Many HIV+ May Not Take Life-Saving Drugs: Study
April 23, 2003
An analysis of HIV-infected patients who died at one Texas hospital in 1999-2000 found that more than half of them were not taking highly active antiretroviral therapy. "I was really startled to see that so many patients were not on HIV therapy in an era when it's supposed to be widespread, and access is there," said the study's lead author, Dr. Mamta K. Jain of the University of Texas Southwestern Medical Center-Dallas. The full report, "Changes in Mortality Related to Human Immunodeficiency Virus Infection: Comparative Analysis of Inpatient Deaths in 1995 and in 1999-2000," was published in the journal Clinical Infectious Diseases (2003;36(8):1030-1038).Adapted from:
The researchers compared HIV-positive patients who died in 1995 (before HAART availability) to those who died in 1999-2000. They also assessed whether or not patients in the later group were taking HAART. Jain's team evaluated 200 HIV/AIDS patients -- 112 who died in 1995 and 88 who died in 1999-2000.
Despite "widespread availability" of HAART, only 48 percent of patients who died in 1999-2000 were taking HAART at the time of death, the authors reported. The main reasons the patients were not taking the drugs were an inability to adhere to the treatment regimen and an HIV diagnosis less than six months prior to death. Other reasons included an inability to tolerate the drugs due to underlying liver disease, the study indicates.
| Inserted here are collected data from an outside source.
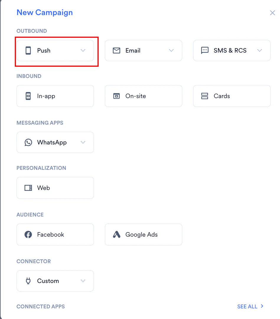 3. On the New Campaign dialog box, under OUTBOUND, click Push.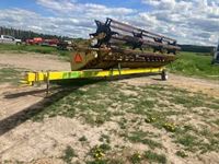 24 ft header, includes Bergen BHT3600 header wagon s/n 15281, straight cut header, finger reel with mechanical fore and aft. Header of NH TR98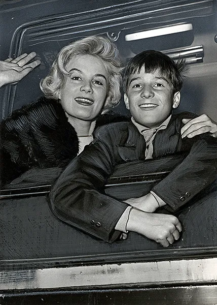 Jean-Pierre Léaud et sa mère, l’actrice Jacqueline Pierreux avant le départ pour le Festival de Cannes où sera présenté le film de François Truffaut « Les 400 coups », 1959.

Another finding of the study is that many HIV-infected individuals not receiving HAART were minorities. Nine out of 12 patients who were diagnosed with HIV shortly before death, and 12 of 18 patients who did not take HAART as prescribed, were black or Hispanic, the authors wrote.
The team did see a decline in the number of people dying due to HIV. However, AIDS-defining illnesses, such as Pneumocystis carinii pneumonia, were still an important cause of death in patients not taking HAART, according to the report.
"I don't want to paint a gloomy picture," Jain said. "Definitely, the number of cases of patients dying with AIDS has decreased radically. But we were expecting to see a change in the types of diseases people were dying from, and we didn't see that. I think this study is important because, if you look at the HIV/AIDS literature, you see these dramatic changes, and people are living longer ... but I think we kind of lose sight of the fact that there are still areas in the country that still are seeing a lot of the same problems that we did prior to HAART being available."
Last year, CDC estimated that up to one-third of the nation's 850,000-950,000 HIV-positive people do not appear to be receiving treatment.